Would you retype exactly the lines below, starting with the one that has "G.W. Florian's Design" and going on through the one that has "روب استقبال عبارة", with no pictures and nothing else?

• _RECORDS FOR THIS TASK_:
=== Section Start ===
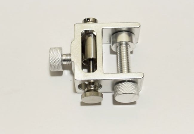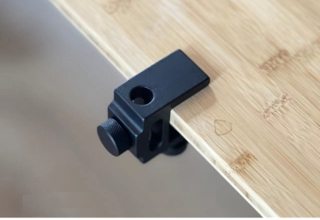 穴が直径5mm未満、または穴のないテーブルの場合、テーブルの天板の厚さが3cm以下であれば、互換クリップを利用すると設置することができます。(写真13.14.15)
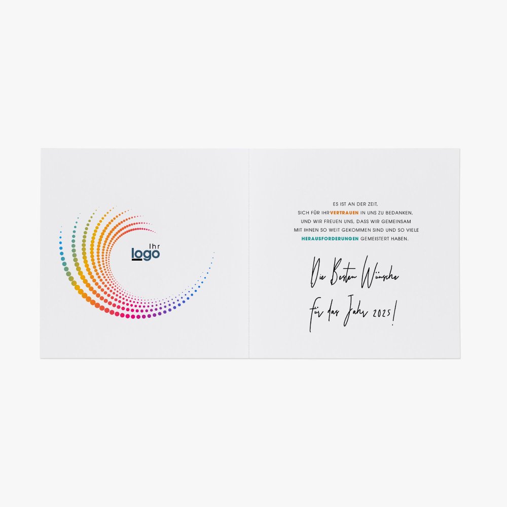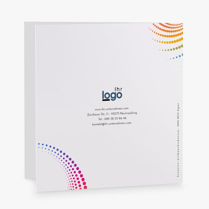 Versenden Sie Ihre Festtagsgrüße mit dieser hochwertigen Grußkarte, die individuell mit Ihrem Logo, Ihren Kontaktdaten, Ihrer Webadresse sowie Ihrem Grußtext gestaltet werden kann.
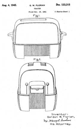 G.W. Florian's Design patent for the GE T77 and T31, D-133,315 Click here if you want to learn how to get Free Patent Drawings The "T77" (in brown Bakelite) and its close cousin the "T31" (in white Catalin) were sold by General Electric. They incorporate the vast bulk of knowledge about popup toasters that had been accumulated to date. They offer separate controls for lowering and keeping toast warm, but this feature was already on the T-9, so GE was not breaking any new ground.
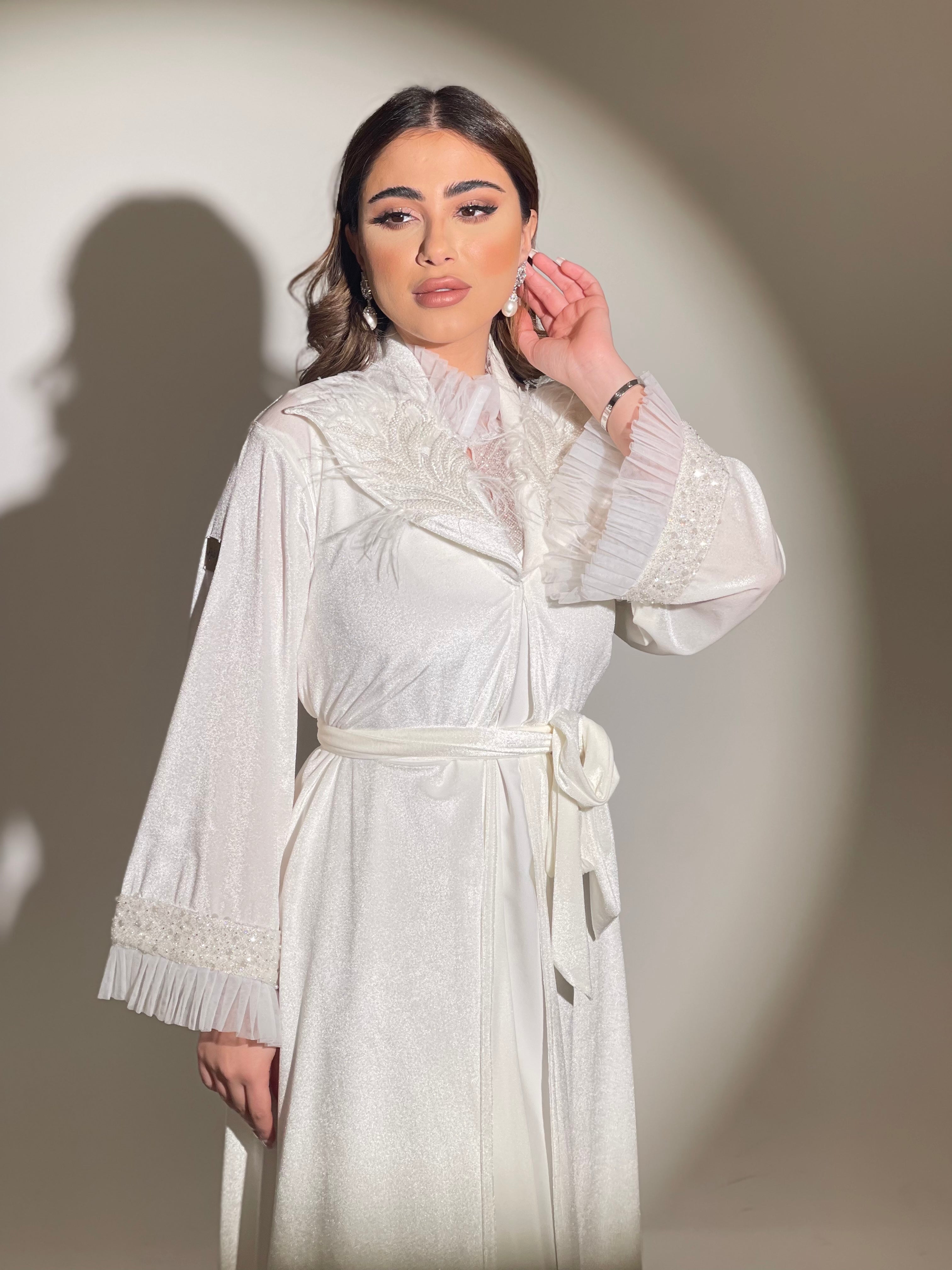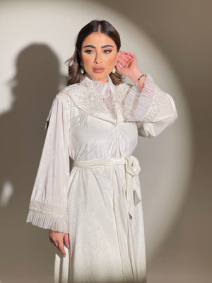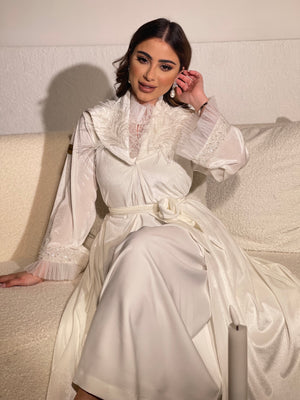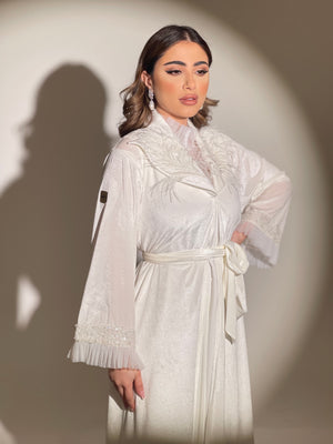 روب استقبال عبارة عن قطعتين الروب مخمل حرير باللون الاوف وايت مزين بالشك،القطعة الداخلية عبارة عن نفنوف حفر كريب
=== Section End ===
=== Section Start ===
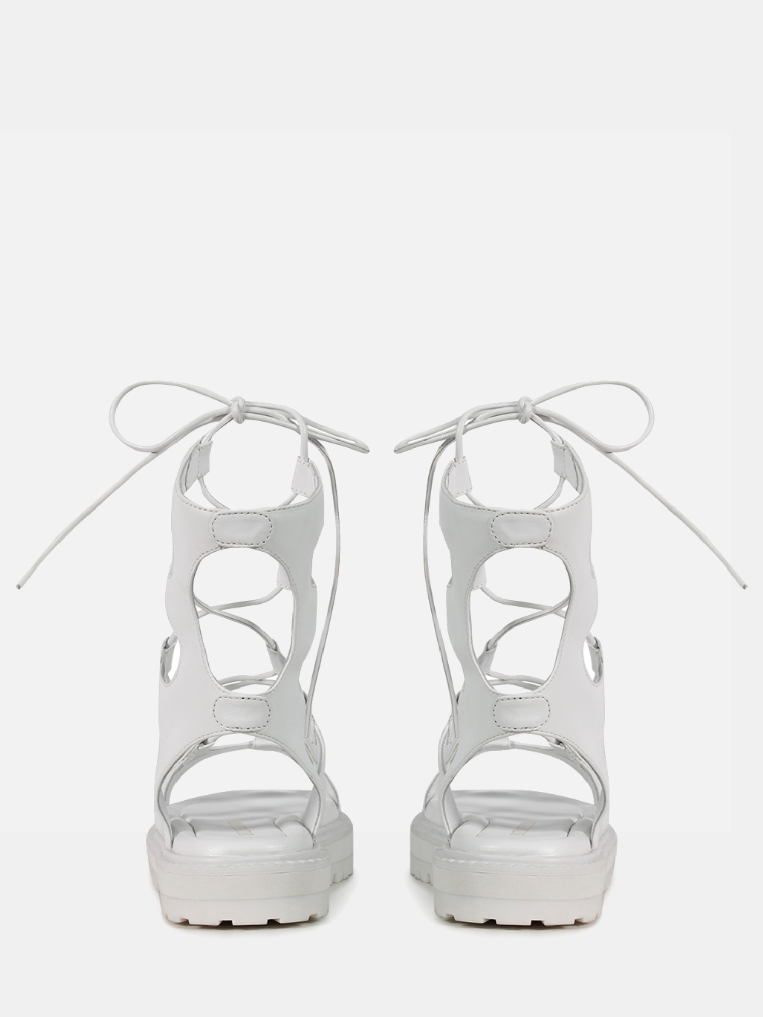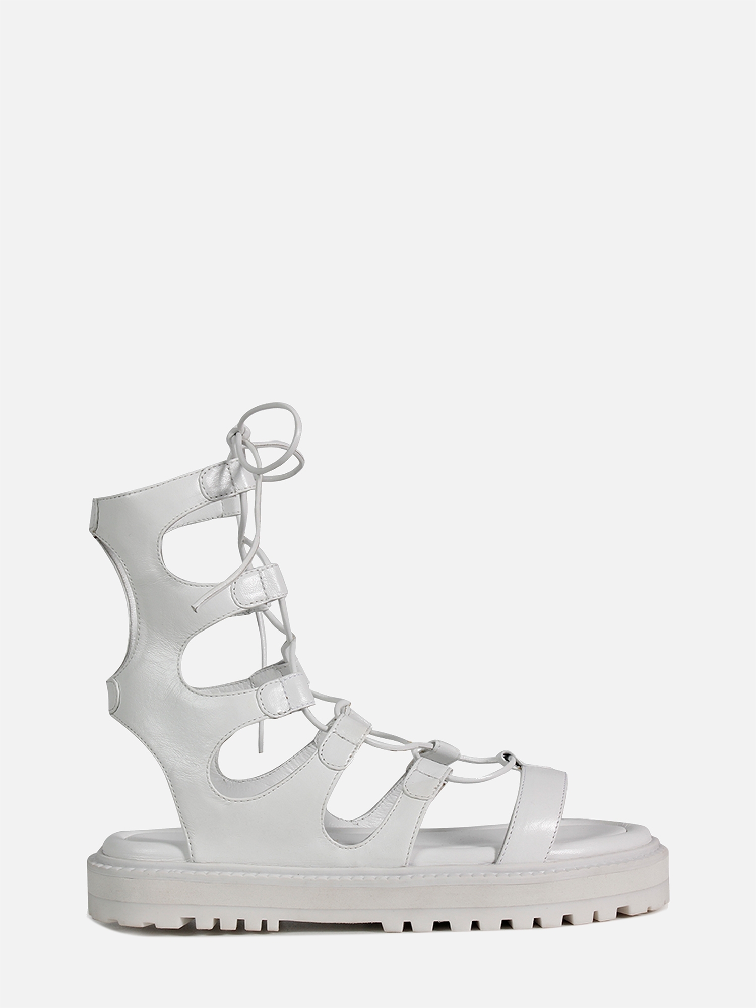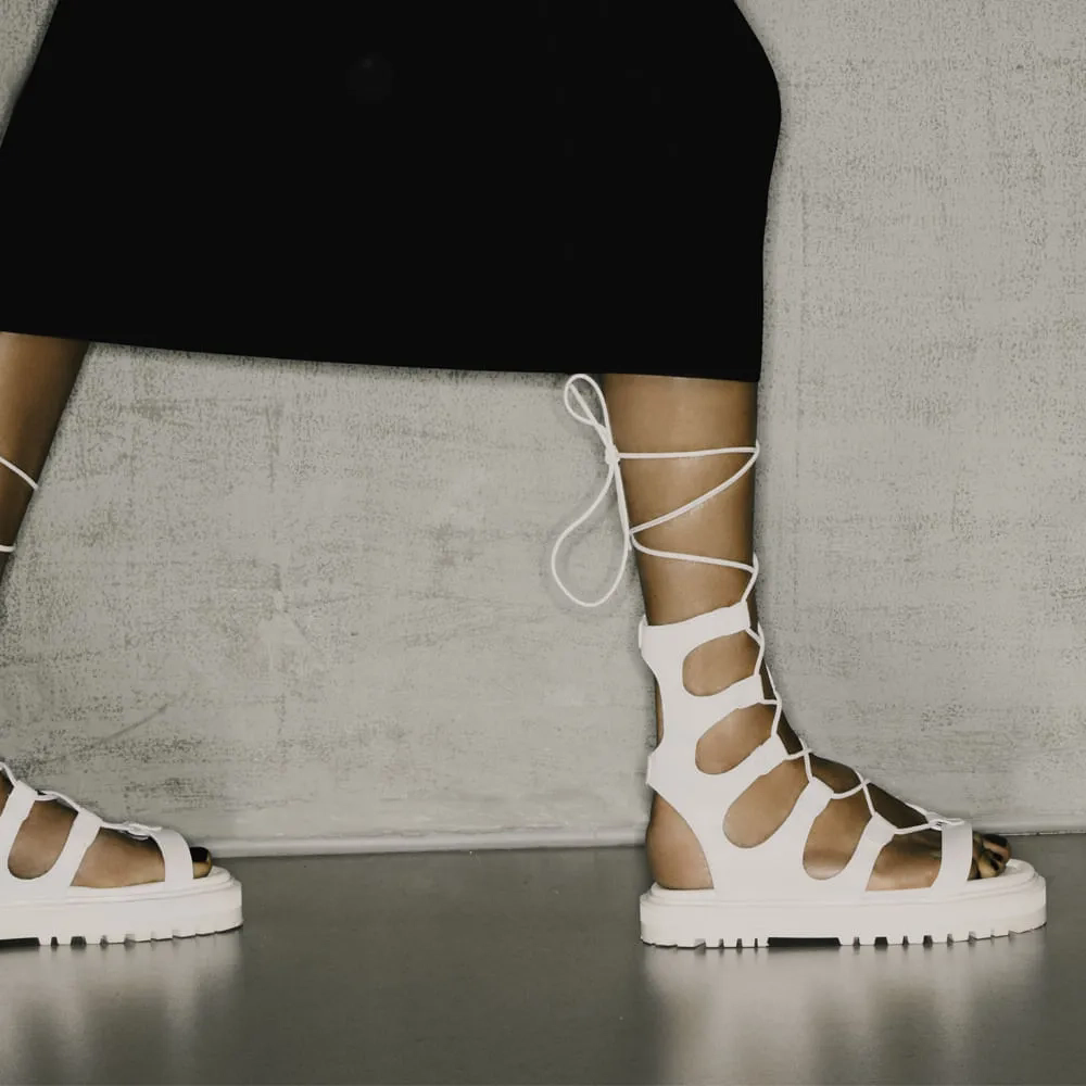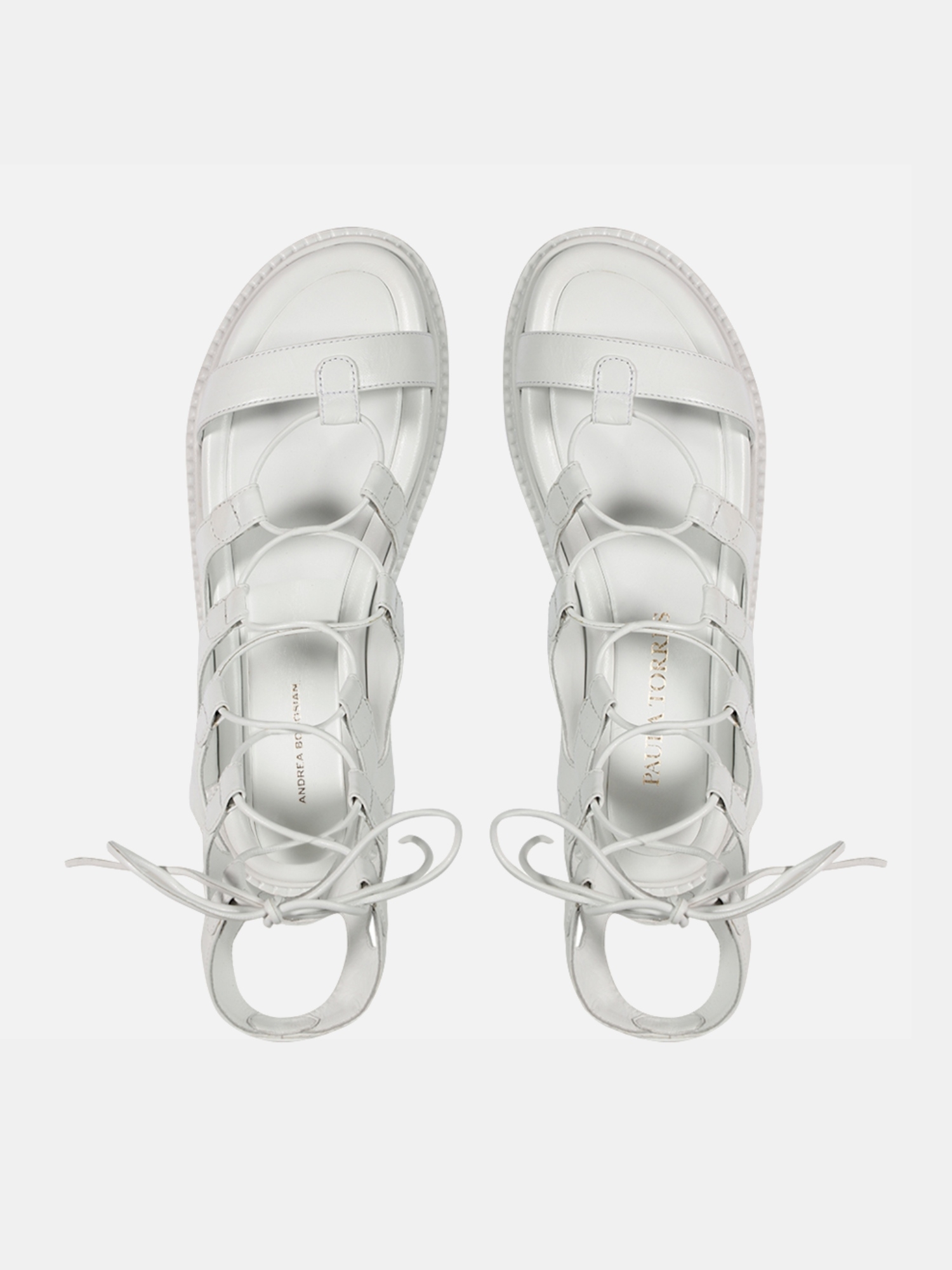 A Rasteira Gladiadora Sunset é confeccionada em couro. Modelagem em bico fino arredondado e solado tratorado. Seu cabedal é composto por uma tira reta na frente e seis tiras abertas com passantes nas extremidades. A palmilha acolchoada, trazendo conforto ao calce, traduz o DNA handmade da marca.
=== Section End ===
=== Section Start ===
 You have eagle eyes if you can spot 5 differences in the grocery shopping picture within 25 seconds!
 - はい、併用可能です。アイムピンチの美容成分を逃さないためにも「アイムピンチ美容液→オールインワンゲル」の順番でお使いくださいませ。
=== Section End ===
• _RESPONSE AREA_:
 G.W. Florian's Design patent for the GE T77 and T31, D-133,315 Click here if you want to learn how to get Free Patent Drawings The "T77" (in brown Bakelite) and its close cousin the "T31" (in white Catalin) were sold by General Electric. They incorporate the vast bulk of knowledge about popup toasters that had been accumulated to date. They offer separate controls for lowering and keeping toast warm, but this feature was already on the T-9, so GE was not breaking any new ground.
 روب استقبال عبارة عن قطعتين الروب مخمل حرير باللون الاوف وايت مزين بالشك،القطعة الداخلية عبارة عن نفنوف حفر كريب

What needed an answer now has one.